▸ **Information given**
-----

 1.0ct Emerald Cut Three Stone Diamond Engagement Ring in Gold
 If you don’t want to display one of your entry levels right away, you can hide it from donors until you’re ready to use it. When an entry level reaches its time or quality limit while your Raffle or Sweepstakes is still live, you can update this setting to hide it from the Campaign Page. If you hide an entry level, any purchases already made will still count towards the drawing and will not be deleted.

-----

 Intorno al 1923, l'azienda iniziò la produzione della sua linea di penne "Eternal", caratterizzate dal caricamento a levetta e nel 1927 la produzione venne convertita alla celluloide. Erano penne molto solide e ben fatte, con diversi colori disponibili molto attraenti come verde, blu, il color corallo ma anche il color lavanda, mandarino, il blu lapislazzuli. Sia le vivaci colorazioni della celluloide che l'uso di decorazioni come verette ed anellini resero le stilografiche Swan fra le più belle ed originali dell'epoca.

-----

▸ **Task requirements**
Your answer must consist solely of the lines above between the line holding "1.0ct Emerald Cut" and the line holding "If you don’t", inclusive, copied exactly.

▸ **Your response**
 1.0ct Emerald Cut Three Stone Diamond Engagement Ring in Gold
 If you don’t want to display one of your entry levels right away, you can hide it from donors until you’re ready to use it. When an entry level reaches its time or quality limit while your Raffle or Sweepstakes is still live, you can update this setting to hide it from the Campaign Page. If you hide an entry level, any purchases already made will still count towards the drawing and will not be deleted.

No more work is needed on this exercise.